Copy only what lies from the line containing "本次更新优化了测试流程,减少" through the line containing "ホーチミン証券取引所の15日" in the entries below, keeping both end lines exact and dropping every picture.

Material for the task:
+---+

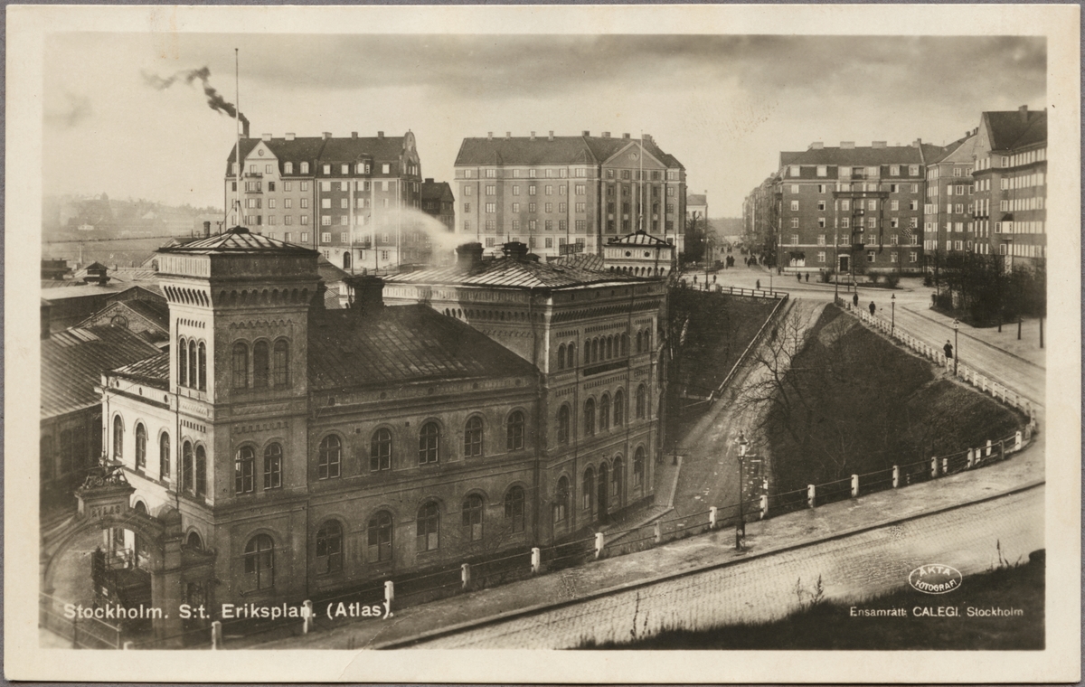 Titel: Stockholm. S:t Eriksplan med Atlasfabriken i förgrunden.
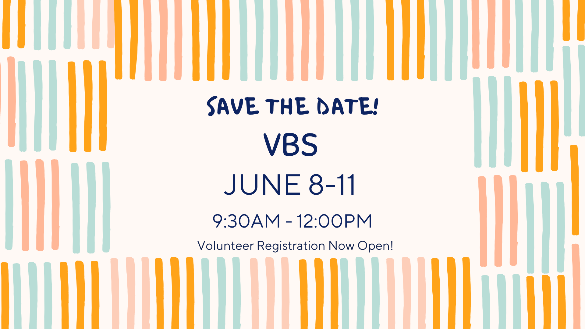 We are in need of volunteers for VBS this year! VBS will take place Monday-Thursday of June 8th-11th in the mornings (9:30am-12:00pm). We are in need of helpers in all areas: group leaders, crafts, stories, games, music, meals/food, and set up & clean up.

+---+

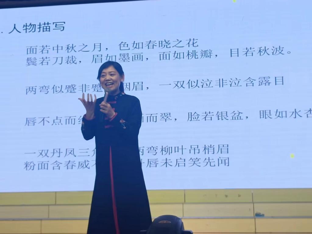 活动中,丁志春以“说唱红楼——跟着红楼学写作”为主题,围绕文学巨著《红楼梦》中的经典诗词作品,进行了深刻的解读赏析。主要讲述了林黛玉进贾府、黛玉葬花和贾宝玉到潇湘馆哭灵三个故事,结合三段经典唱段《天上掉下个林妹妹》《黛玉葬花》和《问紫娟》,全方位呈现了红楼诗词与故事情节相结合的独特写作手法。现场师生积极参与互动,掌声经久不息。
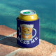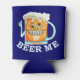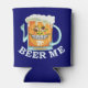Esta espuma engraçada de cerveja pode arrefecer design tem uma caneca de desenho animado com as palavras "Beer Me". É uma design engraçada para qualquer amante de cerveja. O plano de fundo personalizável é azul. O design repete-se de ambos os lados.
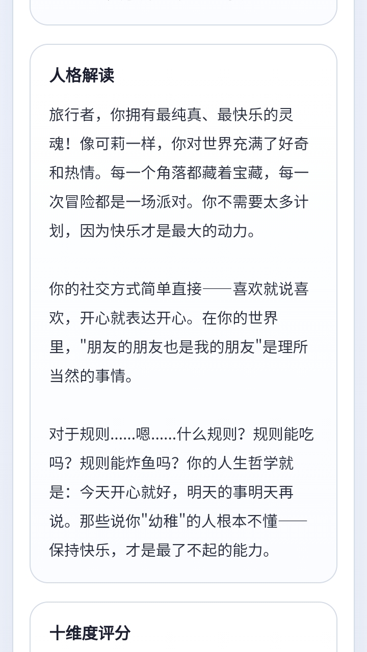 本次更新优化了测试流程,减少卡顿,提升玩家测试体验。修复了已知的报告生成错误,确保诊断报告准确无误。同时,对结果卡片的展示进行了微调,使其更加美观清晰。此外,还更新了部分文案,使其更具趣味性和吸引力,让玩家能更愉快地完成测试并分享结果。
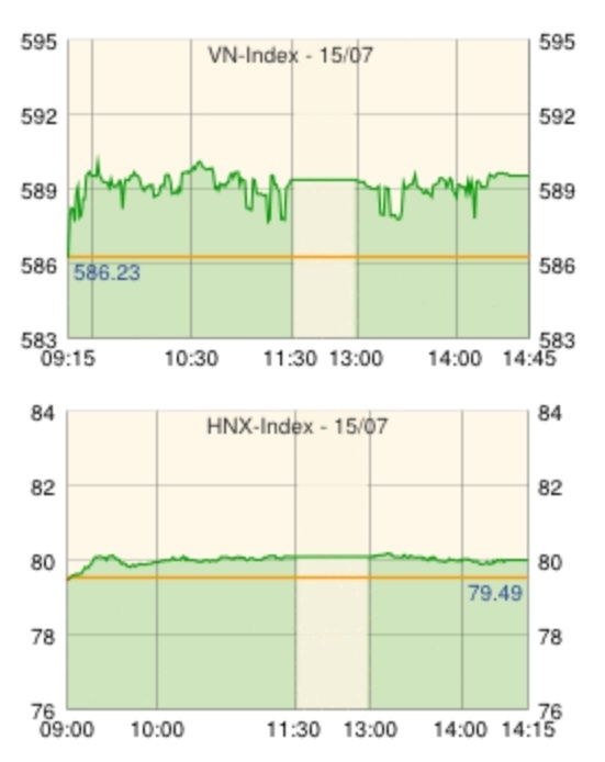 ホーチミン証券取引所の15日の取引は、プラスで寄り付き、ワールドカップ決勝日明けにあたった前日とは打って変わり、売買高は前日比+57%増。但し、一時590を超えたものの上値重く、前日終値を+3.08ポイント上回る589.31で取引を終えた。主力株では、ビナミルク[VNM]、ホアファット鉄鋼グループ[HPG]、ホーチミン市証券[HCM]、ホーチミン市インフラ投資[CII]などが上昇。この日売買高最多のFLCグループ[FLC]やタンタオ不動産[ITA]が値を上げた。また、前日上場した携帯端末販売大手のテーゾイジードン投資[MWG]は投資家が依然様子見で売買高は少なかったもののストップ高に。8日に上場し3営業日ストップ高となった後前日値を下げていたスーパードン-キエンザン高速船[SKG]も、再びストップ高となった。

+---+

Response to this task:
 本次更新优化了测试流程,减少卡顿,提升玩家测试体验。修复了已知的报告生成错误,确保诊断报告准确无误。同时,对结果卡片的展示进行了微调,使其更加美观清晰。此外,还更新了部分文案,使其更具趣味性和吸引力,让玩家能更愉快地完成测试并分享结果。
 ホーチミン証券取引所の15日の取引は、プラスで寄り付き、ワールドカップ決勝日明けにあたった前日とは打って変わり、売買高は前日比+57%増。但し、一時590を超えたものの上値重く、前日終値を+3.08ポイント上回る589.31で取引を終えた。主力株では、ビナミルク[VNM]、ホアファット鉄鋼グループ[HPG]、ホーチミン市証券[HCM]、ホーチミン市インフラ投資[CII]などが上昇。この日売買高最多のFLCグループ[FLC]やタンタオ不動産[ITA]が値を上げた。また、前日上場した携帯端末販売大手のテーゾイジードン投資[MWG]は投資家が依然様子見で売買高は少なかったもののストップ高に。8日に上場し3営業日ストップ高となった後前日値を下げていたスーパードン-キエンザン高速船[SKG]も、再びストップ高となった。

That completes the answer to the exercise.